Description of the task: Nothing is needed except the lines below that run from the one with "与粉丝打过招呼后,吴卓羲继续" through the one with "軸的名義應(yīng)力按以", repeated exactly.

Dataset entries:
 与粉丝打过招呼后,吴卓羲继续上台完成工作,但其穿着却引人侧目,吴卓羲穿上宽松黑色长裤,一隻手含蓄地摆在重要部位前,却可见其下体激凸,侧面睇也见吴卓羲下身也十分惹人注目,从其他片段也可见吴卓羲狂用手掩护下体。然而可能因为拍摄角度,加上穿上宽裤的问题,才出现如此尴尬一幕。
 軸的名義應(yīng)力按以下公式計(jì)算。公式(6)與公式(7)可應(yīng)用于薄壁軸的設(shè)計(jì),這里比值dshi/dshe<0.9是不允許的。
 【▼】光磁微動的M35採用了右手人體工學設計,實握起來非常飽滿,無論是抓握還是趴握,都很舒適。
...
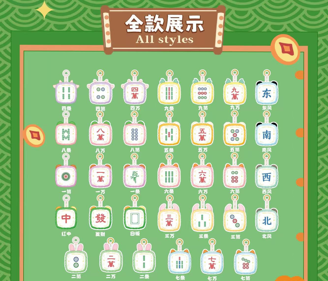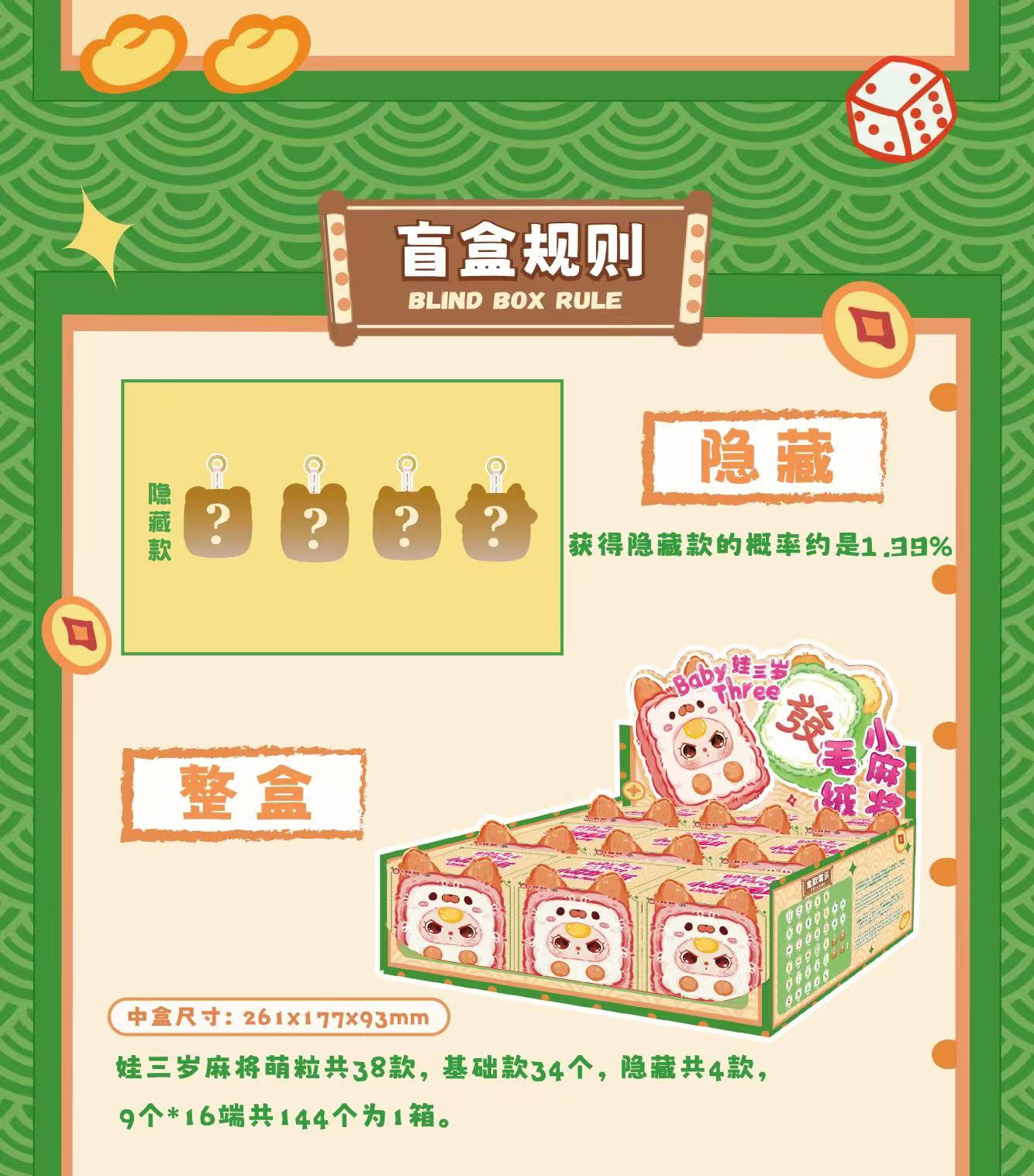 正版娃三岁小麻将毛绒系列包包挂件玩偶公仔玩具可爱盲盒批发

Solution:
 与粉丝打过招呼后,吴卓羲继续上台完成工作,但其穿着却引人侧目,吴卓羲穿上宽松黑色长裤,一隻手含蓄地摆在重要部位前,却可见其下体激凸,侧面睇也见吴卓羲下身也十分惹人注目,从其他片段也可见吴卓羲狂用手掩护下体。然而可能因为拍摄角度,加上穿上宽裤的问题,才出现如此尴尬一幕。
 軸的名義應(yīng)力按以下公式計(jì)算。公式(6)與公式(7)可應(yīng)用于薄壁軸的設(shè)計(jì),這里比值dshi/dshe<0.9是不允許的。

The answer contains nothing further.